A Public Service Announcement! ;)

Thursday, April 29, 2010

Campfire Books (Steerforth) Releases Time Machine, other Adaptations

If I'm not already on record as being worried about the recent spate of graphic novel adaptations of canonical texts, I need to establish the fact here: I feel their accessibility makes it too easy for teachers to cop out on considering graphic novels, allowing educators to limit their research on the form and focus only on supplemental titles at best rather than finding the true quality stand-alone original narrative gems that really set the medium apart.

However, I have a soft spot for H.G. Wells' The Time Machine in traditional and pictoral form for several reasons. When I was in college, I found a great illustrated pamphlet version of the text, which it appears I've lost now, much to my regret. As well, in the only time I was ever able to teach upper classmen exclusively, which was during my student teaching in Pisgah, NC, I taught the novel to a group of mostly male reluctant readers, and we loved it. We drew pictures of what we thought the time machine looked like. We considered memories as time travel. I got to share with them a not-so-subtle penis joke. (Curious aren't you? Well, after the Time Traveller seems to have developed some feelings for Weena and has come to depend on her as a lifeline of sorts, he loses her and feels utterly alone and scared. To iterate this point, I dramatically exclaimed, "Imagine the loss he must feel! The sense of isolation! After all, can there be anything worse than to be a man without a Weena?!?") Everybody laugh. Curtain fall down.
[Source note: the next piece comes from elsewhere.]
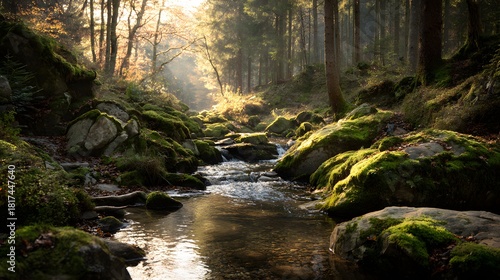 Obraz premium Sunlight Streams Through Forest Canopy Over Mossy Stream and Rocks.

So when Steerforth sent me an adaptation of this title from their new Campfire series of graphic novels, which cover classics, mythology, biography and originals, I took note. Lewis Helfand adapted the text serviceably, but the art (pencils by Rajesh Nagulakonda) was exceptionally striking, especially the coloring (by Manoj Yadav). The morlocks looked more like Golem than they did the hulking, hairy monsters I'd envisioned, but that was the only major flaw I found in this adaptation, which could be used to frontload a reading of the print text or as a quick-read supplement to thematic units on Imperialism, -topias, Science vs. Conscience, etc.

The adaptation also featured a bio of Wells and some information about technologies being developed in the Wells era.

Kudos to Campfire for such a fun effort with such a fun story. With 33 other titles hitting the market over the next two years, distribution through Random House, and brilliant art in each based on the previews I've seen, I expect Campfire to become a major player in the graphic novel market.